Extracted data:
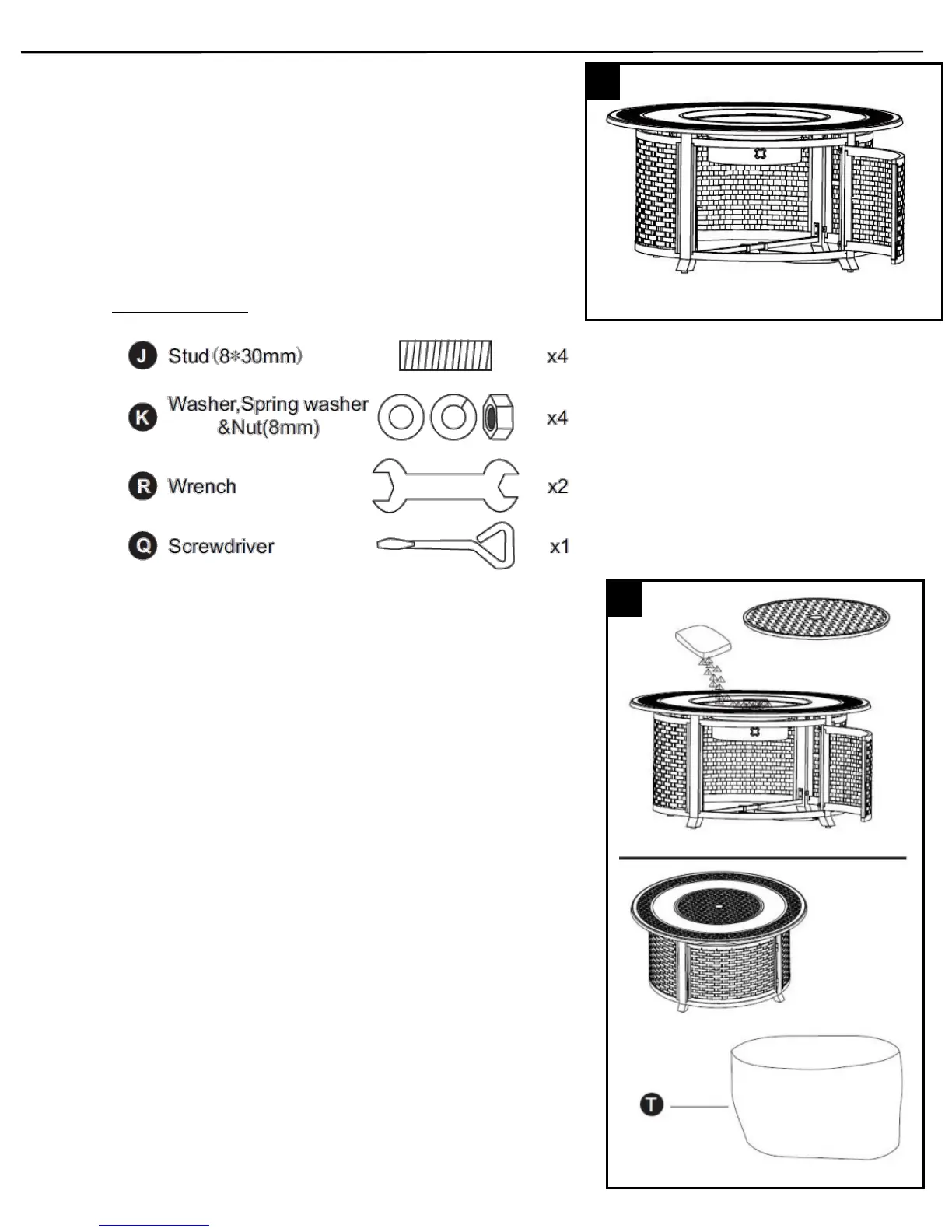 you may cover it with the Protective Fire Pit Cover (T). DO NOT PUT
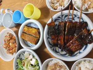 ウナギ丼、卵焼き、豚キムチ、豆腐サラダ、根菜のお吸い物というメニューでした。
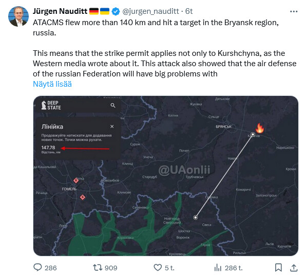 UKRAINA ON TEHNYT ENSIMMÄISEN ISKUNSA ATACMS-OHJUKSIA KÄYTTÄEN VENÄJÄN SISÄPUOLELLA, MIKÄ MERKITSEE MERKITTÄVÄÄ ESKALAATIOTA MAIDEN VÄLISESSÄ JATKUVASSA KONFLIKTISSA
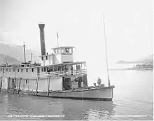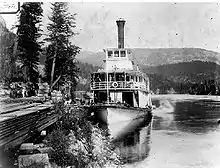 Once the rail supplies were loaded, the trip down the Columbia and the lakes began on July 3, 1890 at 11:30 a.m., as crowds cheered on the dock and the nearby steamer Kootenai. Three of the principals of the Columbia and Kootenay Steam Navigation had supplied most of the money for the construction of the Lytton and two of them, J. A. Mara and Frank Barnard were on board for the steamer's first trip.[2]
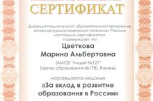Поздравляем учителя математики Цветкову марину Альбертовну, которая была награждена медалью «За вклад в развитие образования в России»
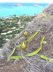 Selenicereus undatus, the white-fleshed pitahaya, is a species of the genus Selenicereus (formerly Hylocereus) in the family Cactaceae[2] and is the most cultivated species in the genus. It is used both as an ornamental vine and as a fruit crop - the pitahaya or dragon fruit.[3]

What to do: Quote, exactly and only, the lines from the first line of the data above through the line containing "UKRAINA ON TEHNYT". The pictures do not belong in it.

Solution to the exercise:
 you may cover it with the Protective Fire Pit Cover (T). DO NOT PUT
 ウナギ丼、卵焼き、豚キムチ、豆腐サラダ、根菜のお吸い物というメニューでした。
 UKRAINA ON TEHNYT ENSIMMÄISEN ISKUNSA ATACMS-OHJUKSIA KÄYTTÄEN VENÄJÄN SISÄPUOLELLA, MIKÄ MERKITSEE MERKITTÄVÄÄ ESKALAATIOTA MAIDEN VÄLISESSÄ JATKUVASSA KONFLIKTISSA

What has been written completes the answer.